Utilizing video's as a learning medium, I am glad I encountered the Malcolm X video of his speech at the Oxford Debate. It was perhaps one of the most instructive finds other than when Guy Kawasaki a few days tweeted about "grit" and the importance of struggle or the quality of how we perservere.
Malcolm X was vivid in saying that he had more respect for an extremely ugly regime that was basically not being hypocritical as to its philosophy, than those whose words and meanings are disconnected with the realities of the actual consequences to the people it states it stands in the betterment of.
The so the aparthied regime at the time in South Africa held more respect for Malcolm X then reading about the freedoms that he recognized he was very much excluded from. So I take it from this Oxford Debate that he was challenging the honesty of hypocrisy and in in turn making his own struggle deeply honest.
This then is the problem when we deal the cards of life as the practice of hypocrisy. We then make it about ideals of perfectionism, when the missing element is what I see that Malcolm X saw, that it is intelligent to determine the honesty of the hypocrisy all of us practice because we cannot do as we think rather than merely what we say. To state that hypocrisy is the difference between our words and our actions is to bring rules to life that can make life unlivable.
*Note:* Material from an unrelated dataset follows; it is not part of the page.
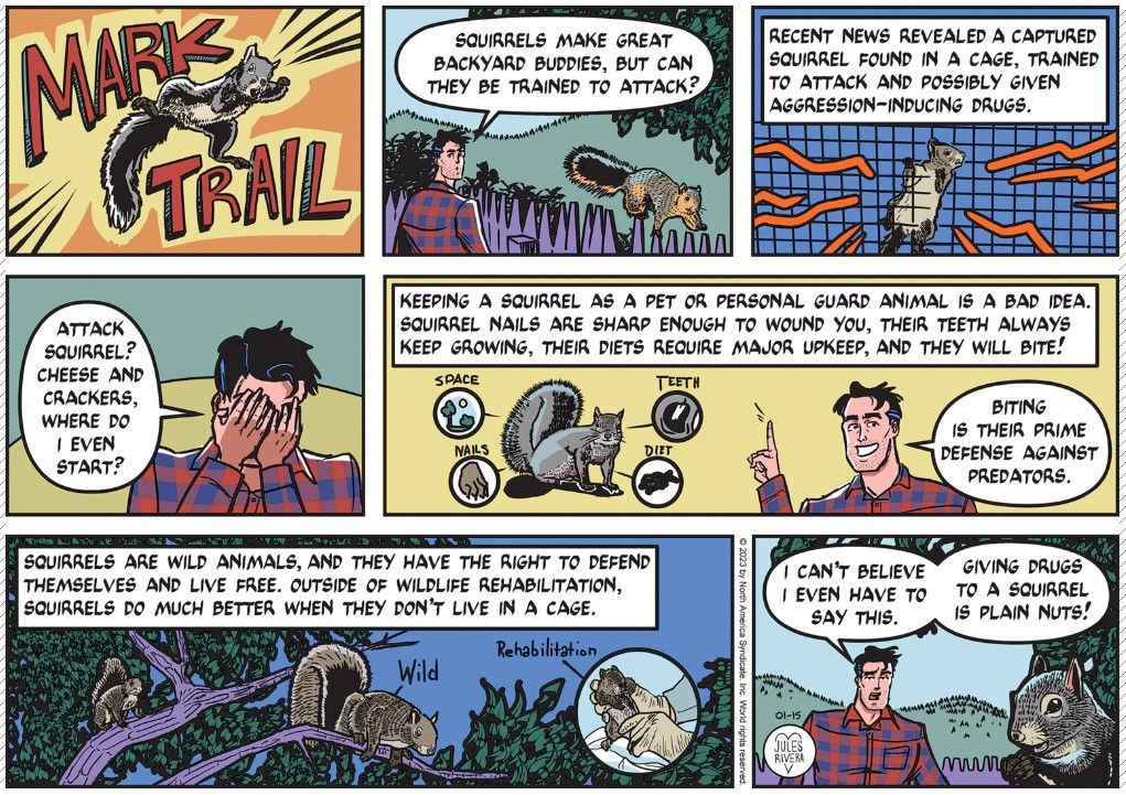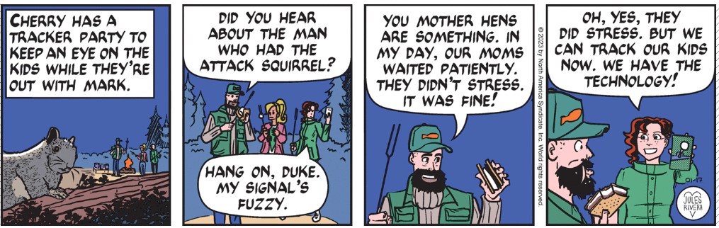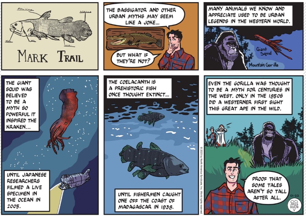 I wonder if today’s strip is an insider-salute to Rivera’s predecessors. Why? All of the text entries end with an apostrophe! Anyway, I have to correct Rivera once again: This is not Mark Trail’s cryptid hunt. It is Rusty’s cryptid hunt. Mark is simply the driver, who is screwing things up.

Yet I see that the greatest hypocrisy is between that which we think and that which we say. It is OK if our words don't match our actions, especially when our actions found our words wanting, i.e. we learned through our actions the falsehood of the words we were using, moreover the words we use are incomplete and are never rich enough to describe the actuality of our actions.
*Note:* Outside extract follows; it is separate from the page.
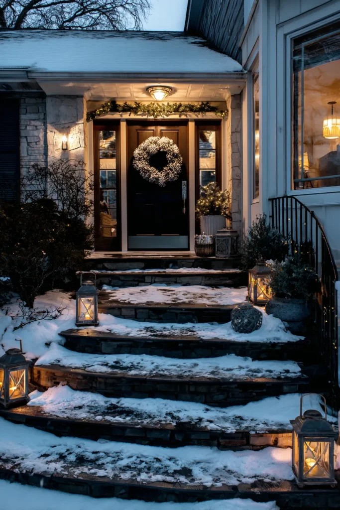I am completely charmed by how bright and ethereal this snowy scene looks at dusk. The combination of the cool blue twilight and the warm white lights against the dark door is just pure holiday magic. I think this look is so impressive because it embraces the snowy setting and leans into a silvery, icy theme that feels both festive and incredibly peaceful. If you dream of a white Christmas entrance, this combination of warm candlelight and cool sparkle is just perfect.

So I say, that my thinking must change and then my words can change but equally that my actions (my relationship with the world) must close the loop with my thinking (my habits, my beliefs, the noise I carry in my head, the incessant and mindless chatter of identity). What I learned most from matching Malcolm X's video of him speaking at the Oxford Debate, is to look for the honesty in our hypocrisy - because that honesty is the bridge between our actions and our thoughts.